■ **PROBLEM DESCRIPTION**
In the data below, work out how many lines include the string "Gambar". Only the number should be given.

■ **WORKING DATA**
· · · · ·

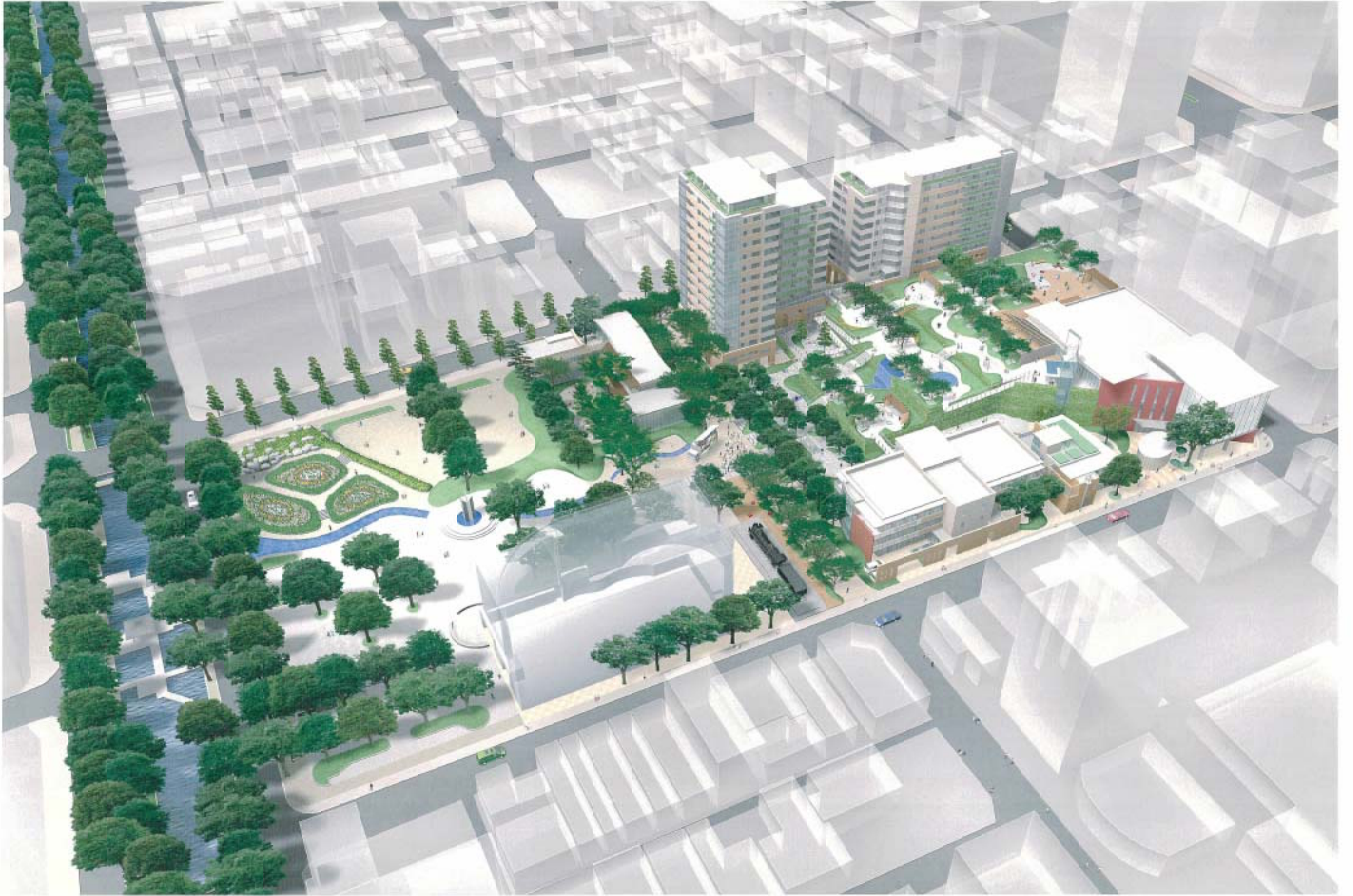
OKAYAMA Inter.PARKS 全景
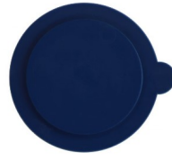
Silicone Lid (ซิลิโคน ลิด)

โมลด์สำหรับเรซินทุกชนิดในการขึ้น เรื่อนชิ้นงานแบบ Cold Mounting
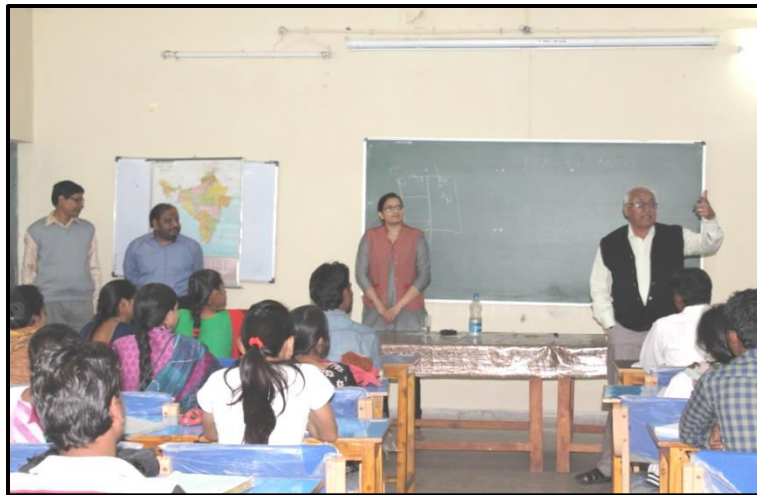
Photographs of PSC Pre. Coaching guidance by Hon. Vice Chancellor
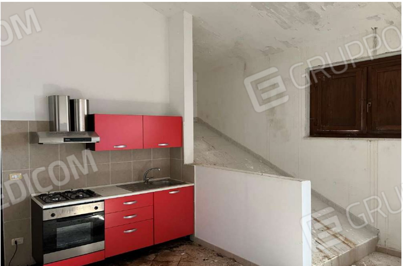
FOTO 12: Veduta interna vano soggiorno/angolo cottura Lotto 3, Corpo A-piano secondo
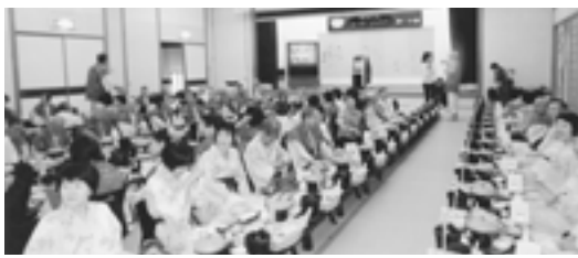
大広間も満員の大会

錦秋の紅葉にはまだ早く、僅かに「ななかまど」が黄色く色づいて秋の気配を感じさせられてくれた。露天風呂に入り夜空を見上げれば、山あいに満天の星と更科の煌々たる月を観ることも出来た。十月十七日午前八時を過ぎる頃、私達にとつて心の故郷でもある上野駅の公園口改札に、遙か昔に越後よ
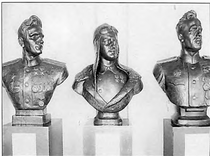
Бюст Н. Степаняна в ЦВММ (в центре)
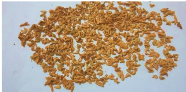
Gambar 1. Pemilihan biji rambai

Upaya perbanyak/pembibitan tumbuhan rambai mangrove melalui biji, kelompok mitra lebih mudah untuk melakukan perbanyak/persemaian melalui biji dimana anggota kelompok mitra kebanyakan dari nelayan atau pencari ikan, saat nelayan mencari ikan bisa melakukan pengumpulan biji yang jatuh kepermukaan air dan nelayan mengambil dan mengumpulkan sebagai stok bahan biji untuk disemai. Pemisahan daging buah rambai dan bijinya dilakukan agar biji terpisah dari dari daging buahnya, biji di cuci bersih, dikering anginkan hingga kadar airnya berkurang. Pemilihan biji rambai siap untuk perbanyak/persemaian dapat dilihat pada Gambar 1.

· · · · ·

■ **EXERCISE RESULT**
2